##### DATA BLOCK #####
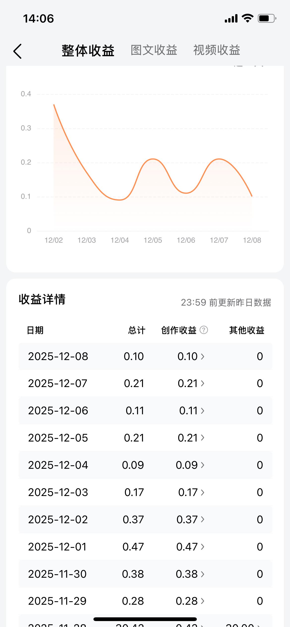 不佩服不行了, 这是最巅峰时刻, 我竟然最高收益4毛钱, 我打算今晚把家里的纸皮收一收, 整理一下,估计能卖2块钱, 你也写,我也写, 我怎么连个馒头都没有呢? 每天在垃圾桶旁边站1小时, 至少能捡10个瓶子, 太难了! 怎么输出都没有流量, 朋友们,你们的收益还可以吗?
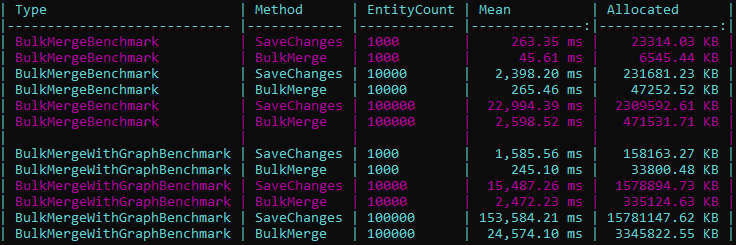 Entity Framework Extensions is much faster than EF Core, with memory usage gains that depend on the dataset size.
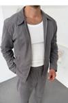 Slimfit Yakalı Astarlı Yan Cep Baggy Pantolonlu Kadife Takım
#####
• [YOUR TASK]: Nothing but the listing, copied exactly and stripped of its images, should appear in the response.

• [ANSWER TO THE PROBLEM]:
 不佩服不行了, 这是最巅峰时刻, 我竟然最高收益4毛钱, 我打算今晚把家里的纸皮收一收, 整理一下,估计能卖2块钱, 你也写,我也写, 我怎么连个馒头都没有呢? 每天在垃圾桶旁边站1小时, 至少能捡10个瓶子, 太难了! 怎么输出都没有流量, 朋友们,你们的收益还可以吗?
 Entity Framework Extensions is much faster than EF Core, with memory usage gains that depend on the dataset size.
 Slimfit Yakalı Astarlı Yan Cep Baggy Pantolonlu Kadife Takım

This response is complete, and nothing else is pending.